WORK INSTRUCTION: Give the entries back exactly, dropping each image.

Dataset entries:
********
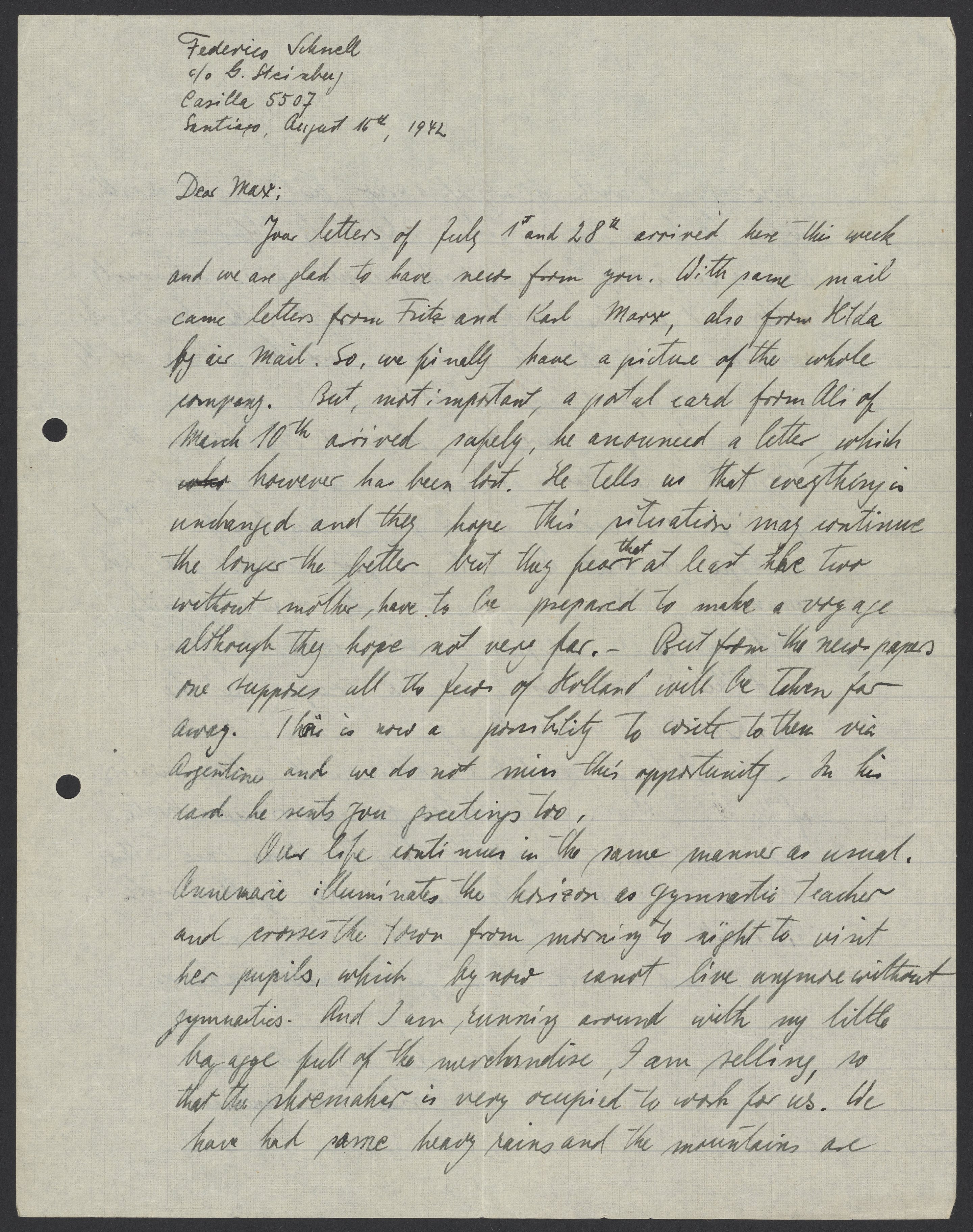 Your letters of July 1st and 28th arrives here this week and we are glad to have news from you. With same mail came letters from Frita and Karl Marx, also from Kilda by air mail. So we finally have a picture of the whole company. But, most important, a postal card from Ali of March 10th arrived safely, he announced a letter, while however has been lost. He tells us that everything is unchanged and they hope this situation may continue the longer the better but they fear that at least the two without mother, have to be prepared to make a voyage although they hope not very far. But from the news papers one supposes all the Jews of Holland will be taken far away. This is now a possibility to write to them via Argentina and we do not miss this opportunity. In his card he sends you greetings too.
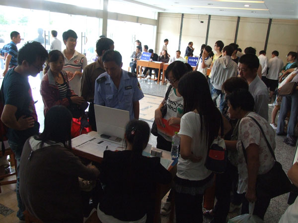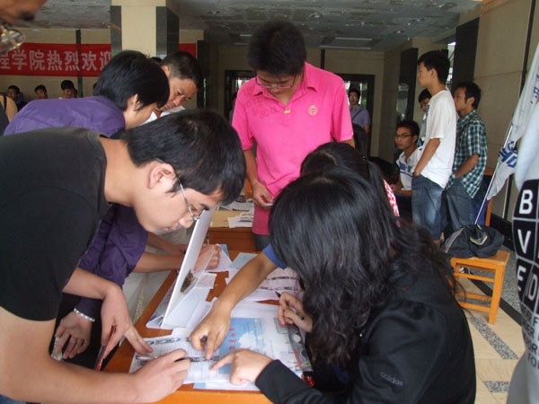 8月24日,虽然天空小雨濛濛,但校园里却热火朝天。2011级对口招生新生349名同学报名现场人声鼎沸,一位位家长带着小孩露着灿烂的笑容走进班主任报名处,有序的接待、简便的手续、周全的服务,让同学们和家长十分满意。据统计,当天报到率达99℅,也应证了学校30年来的办学特色和扬州经济发展的巨大潜能。
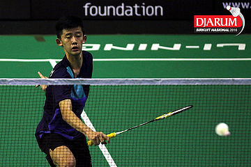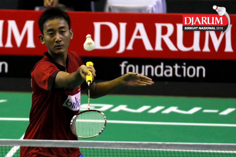 Vero Wisnu (Djarum Kudus) mengembalikan shuttlecock
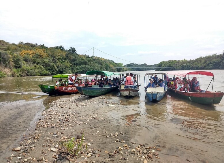 After picking you up at the hotel in the city of Neiva, we will begin the tour to the monument La Gaitana, a faithful representation of the history, the idiosyncrasy of the huilense and of course its biotic DNA, the Magdalena River, then walk to the pier, site chosen by the canoeists after the construction of the Monument to La Gaitana, because they say that the water levels facilitate the nautical operation, in this space are the boats that provide their services of river transport of passengers in the modality of tourism, there our crew member will give the pertinent recommendations and will deliver the life jacket of obligatory use to be able to board the boat, the nautical route that will be made is “Route of the achira” a walk of 16 km (approximately) by the majestic Magdalena River, river that is born in the Colombian Massif to an altitude of 3.400 metres above sea level, from there it has travelled 190 kilometres to reach the illustrious city of Neiva.
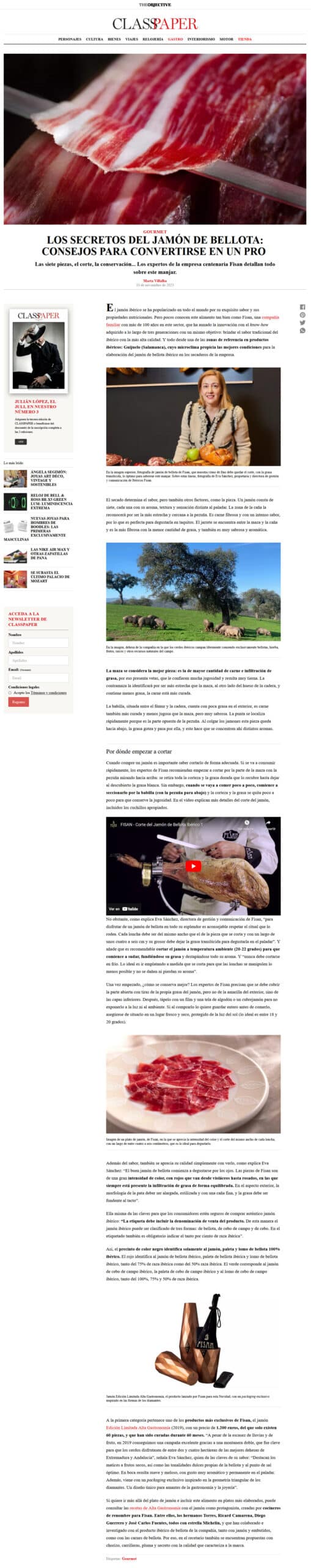 Classpaper, la gran revista en papel del lujo culto, una cabecera única y diferente para una élite con background cultural le ha dedicado un extenso artículo otro producto exclusivo: el inimitable Jamón de Bellota de FISAN.
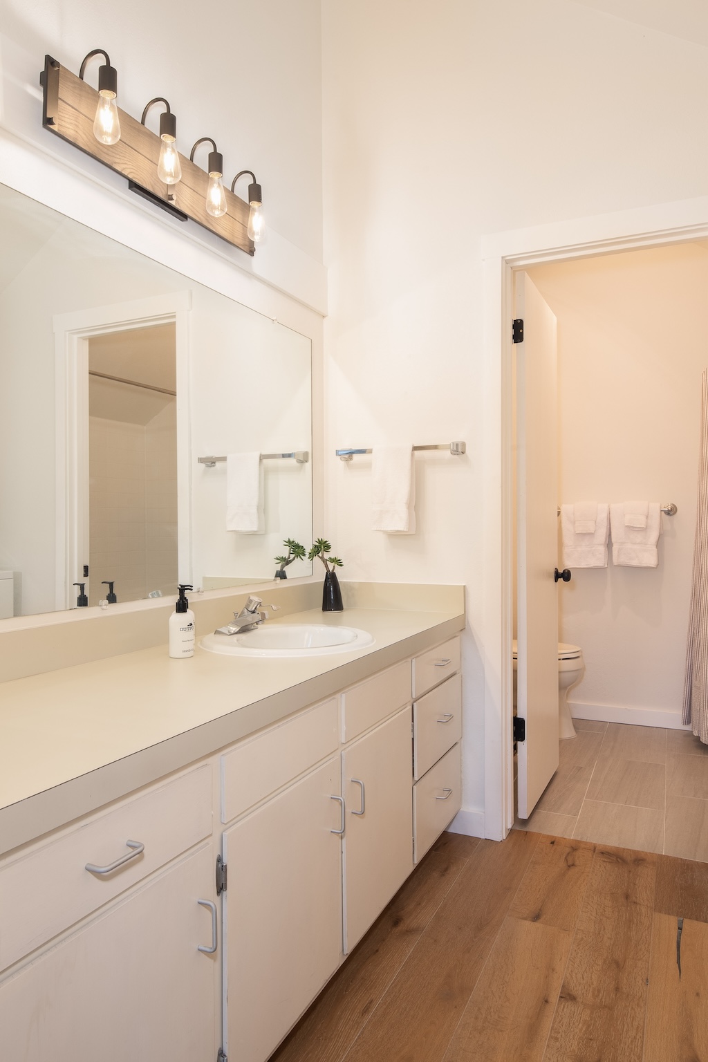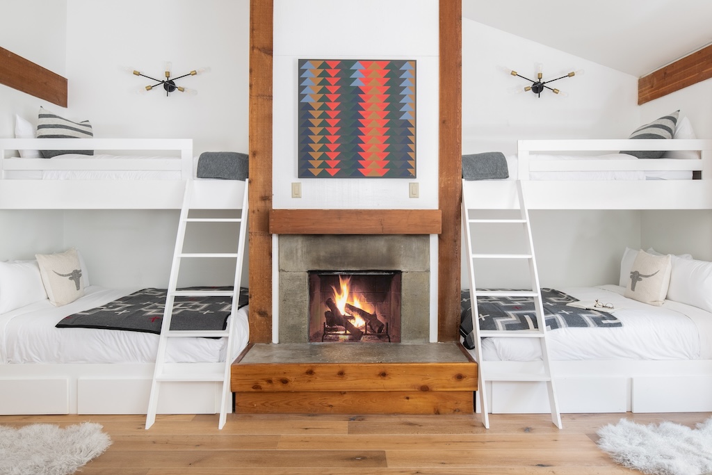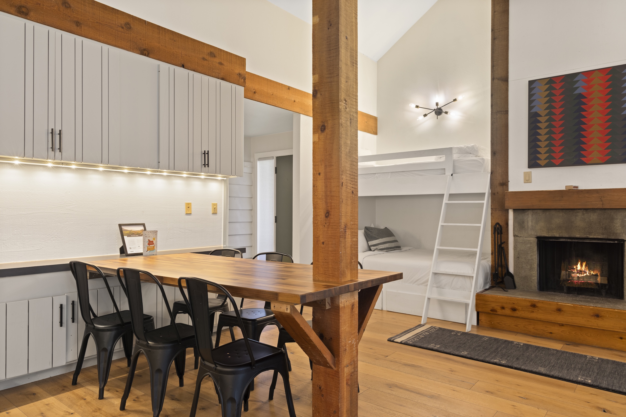 The space features a coveted open layout with a dining table for six, a comfortable living room with a wood-burning fireplace, a cozy sectional with swivel chairs, a bay-window nook, private deck, full bath with tub, laundry, and four beds. WiFi and flatscreen cable/streaming TV included.
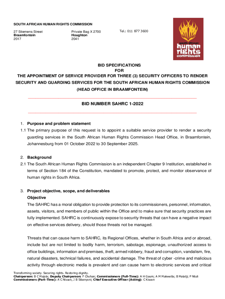SOUTH AFRICAN HUMAN RIGHTS COMMISSION 27 Siemens Street Bloemfontein 2017Private Bag X 2700 Houghton 2041Tel.: 011 877 3600BID SPECIFICATIONS FOR THE APPOINTMENT OF SERVICE PROVIDER FOR THREE (3)
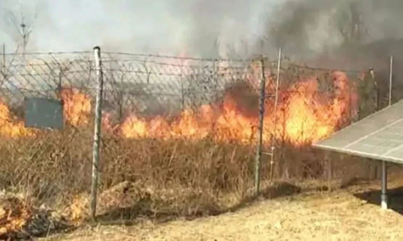 ↑↑2018年2月22日,某在建光伏项目存放光伏板的储料场起火,存放的光伏板全部烧毁,损失金额900万元。火灾原因为有人在料场西侧110米处用树枝、葵花杆焚烧枯树根引燃杂草,火势自西向东蔓延引发火灾。
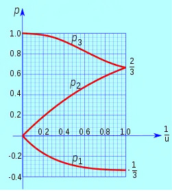 with roots p2 = 0 (obvious) and p2 = (1 + u) / (1 + u + u2), from which p1 and p3 are then obtained by back substitution. One can define six such parameters uab = pa / pb, for which pc ≤ pb ≤ pa when (c, b, a) is a cyclic permutation of (1, 2, 3).[36]
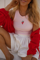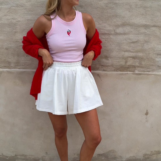 - Add a hint of spice to your everyday look with the Pink Carlos Top. Featuring a crewneck and a playful embroidered chili pepper logo, this fitted tank brings character and charm to even the simplest outfit. Its snug cut makes it ideal for pairing with high-rise bottoms or layering under jackets.
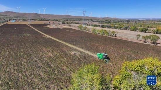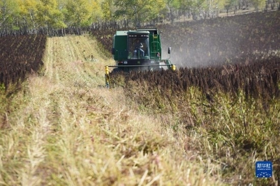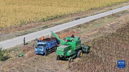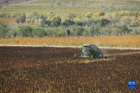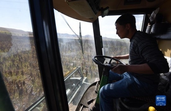 10月1日,在沽源縣白土窯鄉(xiāng)小西溝村,當(dāng)?shù)剞r(nóng)機手在操作收割機收獲藜麥。
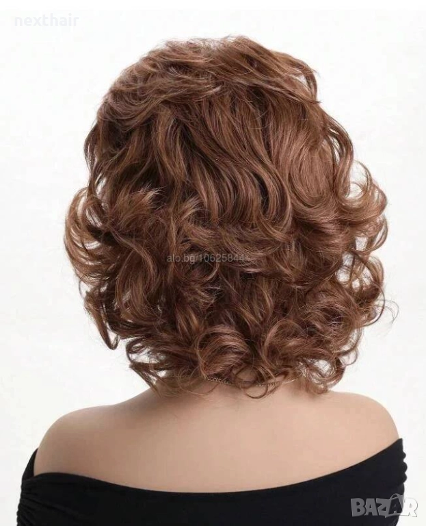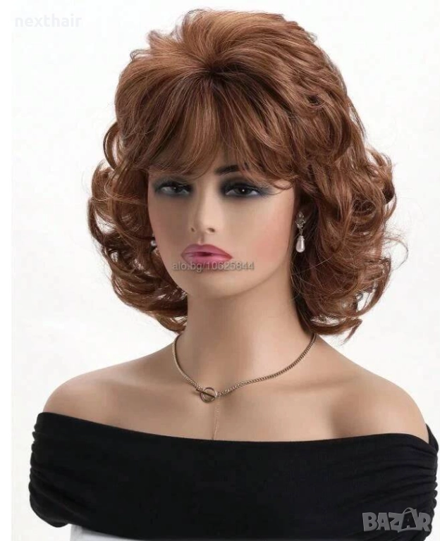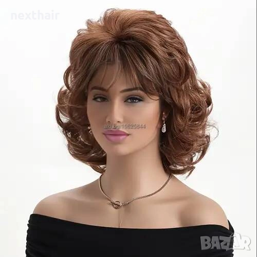 Къса дамска къдрава кафява синтетична перука с бретон → Обява 52821443
********
EXERCISE ANSWER:
 Your letters of July 1st and 28th arrives here this week and we are glad to have news from you. With same mail came letters from Frita and Karl Marx, also from Kilda by air mail. So we finally have a picture of the whole company. But, most important, a postal card from Ali of March 10th arrived safely, he announced a letter, while however has been lost. He tells us that everything is unchanged and they hope this situation may continue the longer the better but they fear that at least the two without mother, have to be prepared to make a voyage although they hope not very far. But from the news papers one supposes all the Jews of Holland will be taken far away. This is now a possibility to write to them via Argentina and we do not miss this opportunity. In his card he sends you greetings too.
 8月24日,虽然天空小雨濛濛,但校园里却热火朝天。2011级对口招生新生349名同学报名现场人声鼎沸,一位位家长带着小孩露着灿烂的笑容走进班主任报名处,有序的接待、简便的手续、周全的服务,让同学们和家长十分满意。据统计,当天报到率达99℅,也应证了学校30年来的办学特色和扬州经济发展的巨大潜能。
 Vero Wisnu (Djarum Kudus) mengembalikan shuttlecock
 After picking you up at the hotel in the city of Neiva, we will begin the tour to the monument La Gaitana, a faithful representation of the history, the idiosyncrasy of the huilense and of course its biotic DNA, the Magdalena River, then walk to the pier, site chosen by the canoeists after the construction of the Monument to La Gaitana, because they say that the water levels facilitate the nautical operation, in this space are the boats that provide their services of river transport of passengers in the modality of tourism, there our crew member will give the pertinent recommendations and will deliver the life jacket of obligatory use to be able to board the boat, the nautical route that will be made is “Route of the achira” a walk of 16 km (approximately) by the majestic Magdalena River, river that is born in the Colombian Massif to an altitude of 3.400 metres above sea level, from there it has travelled 190 kilometres to reach the illustrious city of Neiva.
 Classpaper, la gran revista en papel del lujo culto, una cabecera única y diferente para una élite con background cultural le ha dedicado un extenso artículo otro producto exclusivo: el inimitable Jamón de Bellota de FISAN.
 The space features a coveted open layout with a dining table for six, a comfortable living room with a wood-burning fireplace, a cozy sectional with swivel chairs, a bay-window nook, private deck, full bath with tub, laundry, and four beds. WiFi and flatscreen cable/streaming TV included.
SOUTH AFRICAN HUMAN RIGHTS COMMISSION 27 Siemens Street Bloemfontein 2017Private Bag X 2700 Houghton 2041Tel.: 011 877 3600BID SPECIFICATIONS FOR THE APPOINTMENT OF SERVICE PROVIDER FOR THREE (3)
 ↑↑2018年2月22日,某在建光伏项目存放光伏板的储料场起火,存放的光伏板全部烧毁,损失金额900万元。火灾原因为有人在料场西侧110米处用树枝、葵花杆焚烧枯树根引燃杂草,火势自西向东蔓延引发火灾。
 with roots p2 = 0 (obvious) and p2 = (1 + u) / (1 + u + u2), from which p1 and p3 are then obtained by back substitution. One can define six such parameters uab = pa / pb, for which pc ≤ pb ≤ pa when (c, b, a) is a cyclic permutation of (1, 2, 3).[36]
 - Add a hint of spice to your everyday look with the Pink Carlos Top. Featuring a crewneck and a playful embroidered chili pepper logo, this fitted tank brings character and charm to even the simplest outfit. Its snug cut makes it ideal for pairing with high-rise bottoms or layering under jackets.
 10月1日,在沽源縣白土窯鄉(xiāng)小西溝村,當(dāng)?shù)剞r(nóng)機手在操作收割機收獲藜麥。
 Къса дамска къдрава кафява синтетична перука с бретон → Обява 52821443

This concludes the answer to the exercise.